Monday, Jul. 30, 1951

Starches? Ugh!

Four and twenty fat women sat in a row. They hardly knew where they were--and didn't care. Eleven stories below, in Chicago's Loop, riveters chattered, but all they heard was a soothing, syrupy voice. Said the voice: "Close your eyes and relax." They did. "You are going to be deep, deep asleep in a few minutes." They slept.

The molasses voice flowed on: "You will be unable to use sugar, starches, oils or fats in your foods....Even the thought of them will be repulsive to you....You will not drink carbonated drinks any more, nor beer, nor liquor....You will end your bedtime snacks and your eating between meals.
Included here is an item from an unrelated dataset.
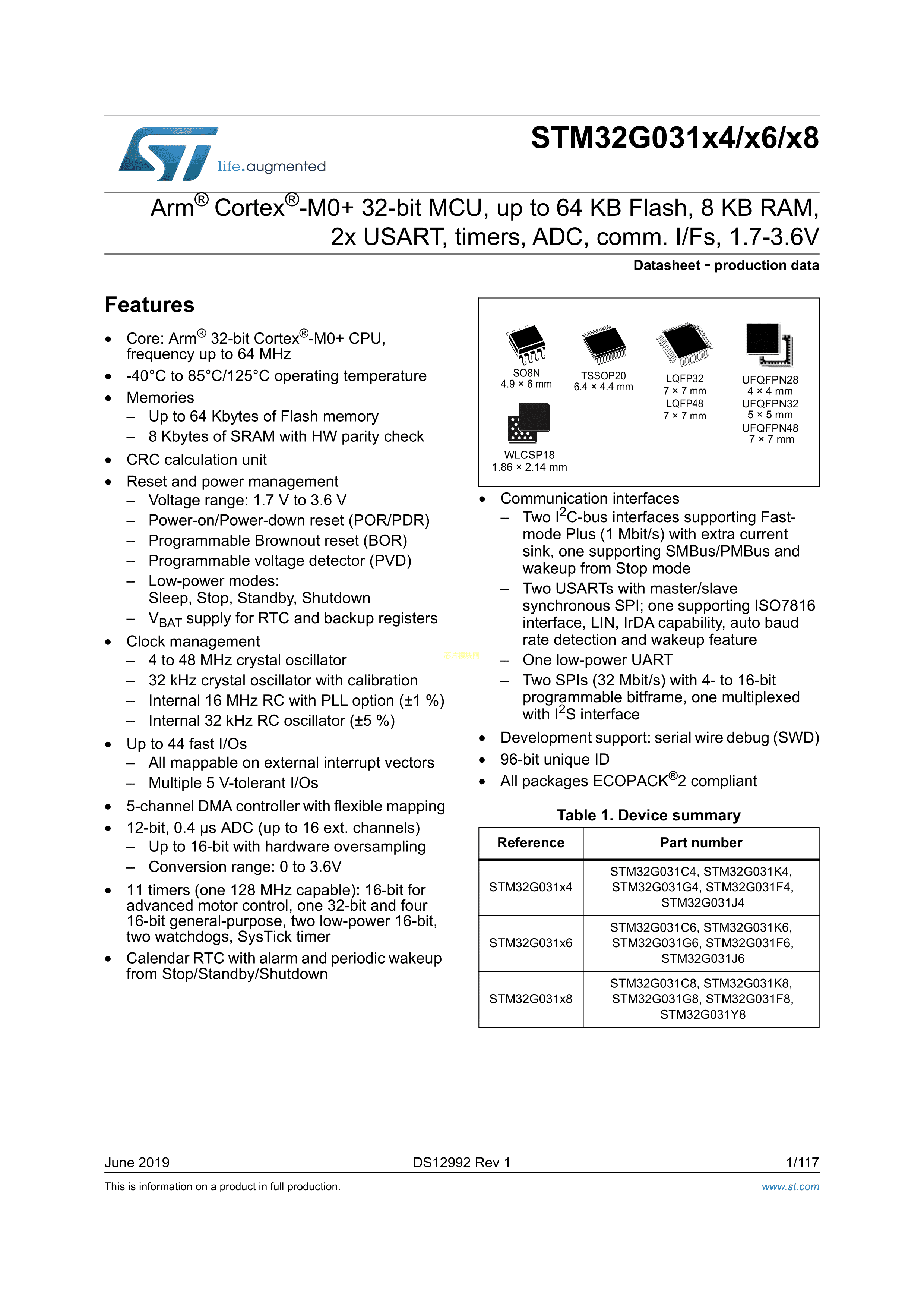 STM32G031C6T6数据手册LQFP-48封装ST(意法半导体)PDF规格书,中英文下载

You will be satisfied with only half your usual quantity of food..."

The chunky owner of the voice, Edwin L. Baron, "master hypnotist," padded softly among the entranced women. When an eyelid fluttered, he put his hand on the sleeper's forehead, murmuring his message again. "Now I will count to three and you will wake up," he said briskly. With yawns and stretches, they woke. The lesson had lasted half an hour.

Baron's reducing classes have nicely filled the summer slump in his hypnotism lectures. At first he took no fees, but last week, with 70 clients, he began to charge newcomers $2.50 a lesson.
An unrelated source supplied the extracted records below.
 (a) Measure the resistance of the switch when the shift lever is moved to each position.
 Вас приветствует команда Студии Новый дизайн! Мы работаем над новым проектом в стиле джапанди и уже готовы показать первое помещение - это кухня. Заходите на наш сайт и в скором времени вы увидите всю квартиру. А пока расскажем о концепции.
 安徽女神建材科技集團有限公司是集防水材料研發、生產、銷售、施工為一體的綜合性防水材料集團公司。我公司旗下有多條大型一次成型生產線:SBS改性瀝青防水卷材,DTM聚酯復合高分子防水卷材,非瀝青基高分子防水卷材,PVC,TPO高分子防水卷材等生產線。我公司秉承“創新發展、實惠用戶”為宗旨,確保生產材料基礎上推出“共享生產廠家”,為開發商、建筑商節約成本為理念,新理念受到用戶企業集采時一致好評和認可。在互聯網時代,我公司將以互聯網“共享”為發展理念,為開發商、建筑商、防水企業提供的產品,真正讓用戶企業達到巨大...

Said Mrs. Miriam Shapiro, after losing 14 Ibs. in five weeks: "I feel like I'm borrowing his will power. It's all in your head. My desire to eat the wrong foods is gone. I don't have to worry about diets." Mrs. Beatrice Barnett dropped 16 Ibs. in two weeks, boasted: "I've lost absolutely all taste for sweets and in-between snacks. It's helped my bronchial asthma too, and I sleep nights."

Psychiatrists are leery of group hypnosis: they say that a borderline mental case, thus hypnotized, may slip over the line into insanity. Baron insists: "My work is ethical and psychological. It's purely a research project."

Dollie Dimples (in private life, Mrs. Celesta Geyer of Orlando, Fla.) was heavier (555 Ibs.) last year, worked as a carnival fat lady. Then she had a heart attack and retired from show business. Last week, on her 50th birthday, five-foot Dollie was down to 154. Said she: "It's simple. All anyone has to do is diet properly." She did it by cutting down to 800 calories a day (normal U.S. diet: 3,000 calories).